# Neve 29/01/2006 Serra de Aire



## thunderboy (31 Mar 2009 às 17:49)

Deixo aqui umas fotos que já deviam ter vindo para aqui há muito tempo.

Neve em Alcanena(pouca acumulação).




Agora já na Serra.
















E finalmente outras que encontrei na net e foram tiradas por outras pessoas
http://nevefrio.blogs.sapo.pt/arquivo/944717.html
http://nevefrio.blogs.sapo.pt/arquivo/944660.html
http://nevefrio.blogs.sapo.pt/arquivo/946365.html

São poucas mas já dá para regalar os olhos, do que foi esse magnifico Inverno.


----------



## Gilmet (31 Mar 2009 às 17:57)

Ah! Aqui estão elas! Tens aí grandes registos, para recordar, sempre!

Obrigado *thunderboy*!


----------



## rozzo (31 Mar 2009 às 18:43)

Isto é daquela data em que houve sleet na área de LX?
Isto foi a que altitude?
Surpreendente!


----------



## thunderboy (31 Mar 2009 às 20:59)

rozzo disse:


> Isto é daquela data em que houve sleet na área de LX?
> Isto foi a que altitude?
> Surpreendente!


 
Foi entre 200 e 400 metros as da serra tiradas por mim e a primeira foi sensivelmente a 100 metros.


----------



## MSantos (31 Mar 2009 às 21:09)

Belas fotos do dia mais fantástico em termos meteorológicos da minha vida


----------



## Z13 (31 Mar 2009 às 22:21)

Que grande dia foi esse aí pelo centro / sul 

Nós, aqui pelo nordeste tivemos nesse dia muito frio mas céu limpo



z z z z z z z z z z z z


----------



## mr. phillip (31 Mar 2009 às 23:03)

Que saudades desse dia...


----------



## Veterano (31 Mar 2009 às 23:06)

Z13 disse:


> Que grande dia foi esse aí pelo centro / sul
> 
> Nós, aqui pelo nordeste tivemos nesse dia muito frio mas céu limpo
> 
> ...



 Não foi só o nordeste, cá pelo Douro Litoral também ficamos a ver navios, quando a Natureza quer, o que seria mais lógico acontecer passa a ser uma batata...


----------



## AnDré (31 Mar 2009 às 23:55)

Imagens daquele dia que há-de sempre deixar saudades.

Boas fotos *thunderboy*!


----------



## Mário Barros (1 Abr 2009 às 00:33)

Ena, fotos muito boas  muitas mais virão


----------



## vitamos (1 Abr 2009 às 09:49)

Excelentes registos desse grande dia


----------



## rozzo (1 Abr 2009 às 10:39)

Quando fiz o 1º post aqui estava a confundir com a situação do ano seguinte, a do dia 28 Jan.. 
 
sorry!
essa claro, não tem confusão, e não me surpreende tanto..
ai que saudades!


----------



## actioman (2 Abr 2009 às 00:42)

Grande registo e que grande dia esse do 29JAN2006!

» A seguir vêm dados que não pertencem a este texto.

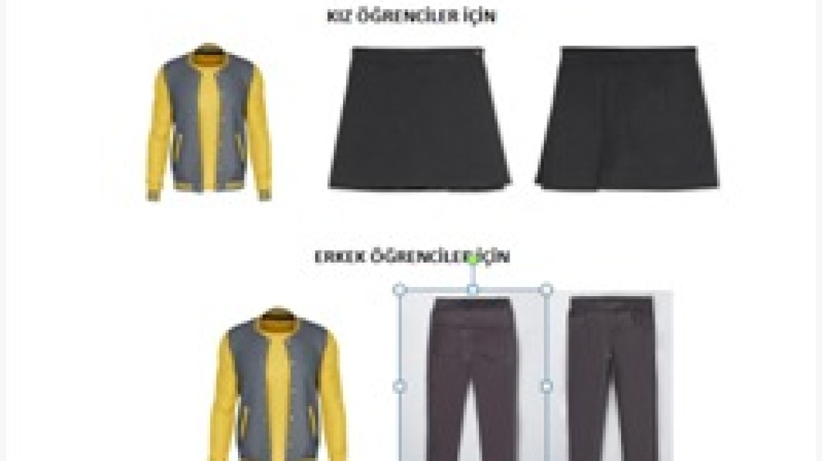 Öğrenci kılık ve kıyafet yönetmeliğinin 3.maddesinin 2.fıkrasına göre 03.02.2025 tarihli 2.Dönem Başı Öğretmenler Kurulu 5 no’lu kararı ve 10.02.205 tarihli Okul Aile Birliği 10 no’lu kararı ,öğretmen ve veli anketleri neticesinde okul aile birliğimizin koordinesinde okul kıyafetlerimiz belirlenmiştir. 2025-2026 Eğitim Öğretim yılında 1.sınıf öğrencilerimizden başlayarak kademeli olarak kıyafet değişikliği uygulanacaktır. Ara sınıflarda yeni belirlenen okul kıyafetini giyme zorunluluğu yoktur. Okul kıyafetini yenilemesi gereken ara sınıf öğrencilerimiz isterlerse yeni okul kıyafetlerini temin edebilirler.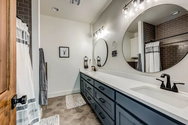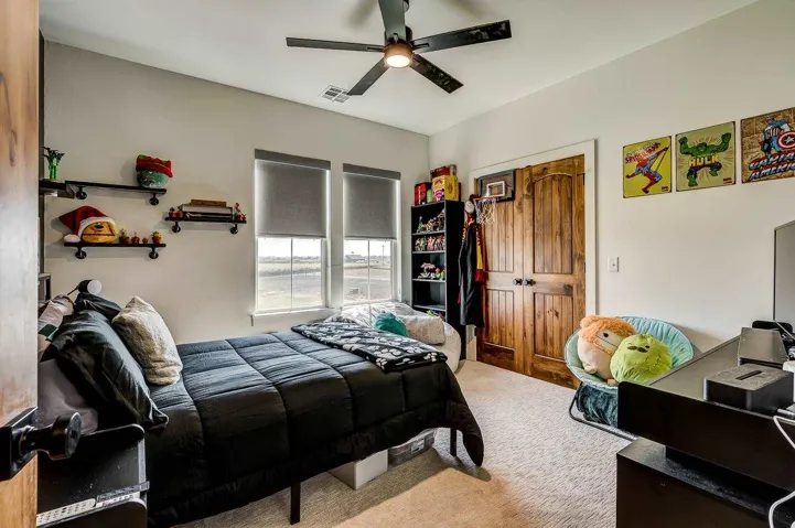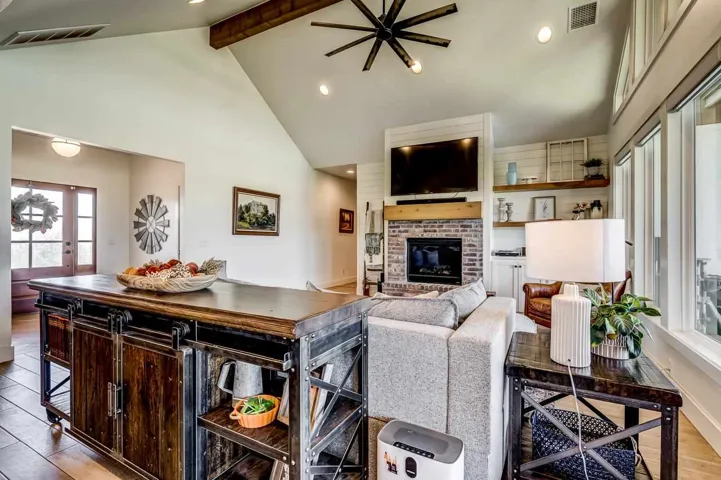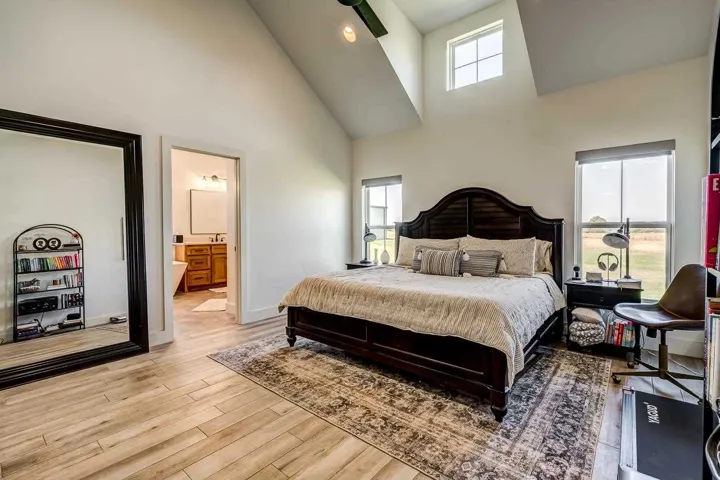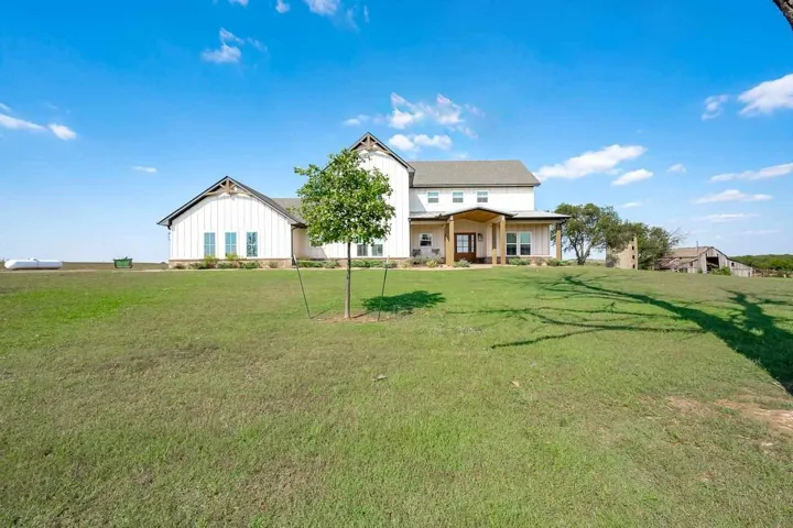 Welcome to this stunning custom-built modern farmhouse perfectly set behind a gated entry on 10 acres (MOL) of peaceful countryside. Every detail of this home was thoughtfully designed—from the closed-cell spray foam insulation to the wood-look tile floors and reclaimed wood stair treads. The open-concept floor plan features a soaring cathedral ceiling and expansive windows framing beautiful country views. The designer kitchen is a showpiece, offering high-end Thor appliances, quartz countertops, custom cabinetry, a farmhouse sink, and a large walk-in pantry with its own sink, double ovens, and pull-out mixer stand. The primary suite is located on the main floor, complete with a freestanding soaking tub and premium fixtures, along with a second bedroom ensuite for added flexibility and comfort. Upstairs offers two additional bedrooms, a full bath, and a bonus room. The home also includes thoughtful touches throughout—Generac whole-home generator, fireplace with blower, built-in dog kennel in the laundry room, and a dog washing station in the garage. A water softener and reverse osmosis system add to the convenience and comfort. Outside, enjoy the 30×40 detached metal barn with spray foam insulation, sink, electricity, and an oversized garage door. This property delivers the perfect blend of modern luxury, country charm, and functionality—a rare find with so many amenities already in place

É sempre bom poder regalar as vistas com um excelente registo destes!

Obrigado pela reportagem! Por aí nevou em que horário?


----------



## thunderboy (2 Abr 2009 às 00:47)

actioman disse:


> Grande registo e que grande dia esse do 29JAN2006!
> 
> É sempre bom poder regalar as vistas com um excelente registo destes!
> 
> Obrigado pela reportagem! Por aí nevou em que horário?



Não tenho a certeza mas acho que começou às 7h e durou até às 13h, mais hora menos hora.


----------



## Gongas (13 Abr 2009 às 02:03)

Belas Fotos.


----------



## kikofra (13 Abr 2009 às 03:01)

Aqui em leira nao acumulou nesse dia mas em fatima esteve caótico


----------



## Mjhb (16 Mai 2009 às 20:11)

Nevou mesmo a 100m?!

é raro!!!


----------



## thunderboy (16 Mai 2009 às 23:55)

Pedro disse:


> Nevou mesmo a 100m?!
> 
> é raro!!!



100metros e menos!


----------



## meteo (17 Mai 2009 às 12:18)

Pedro disse:


> Nevou mesmo a 100m?!
> 
> é raro!!!



Nesse dia nevou á cota 0 em alguns locais,como Paço de Arcos(pelo menos aqui nevou),Figueira da Foz,zona de Torres Vedras e muitos locais perto do mar.


----------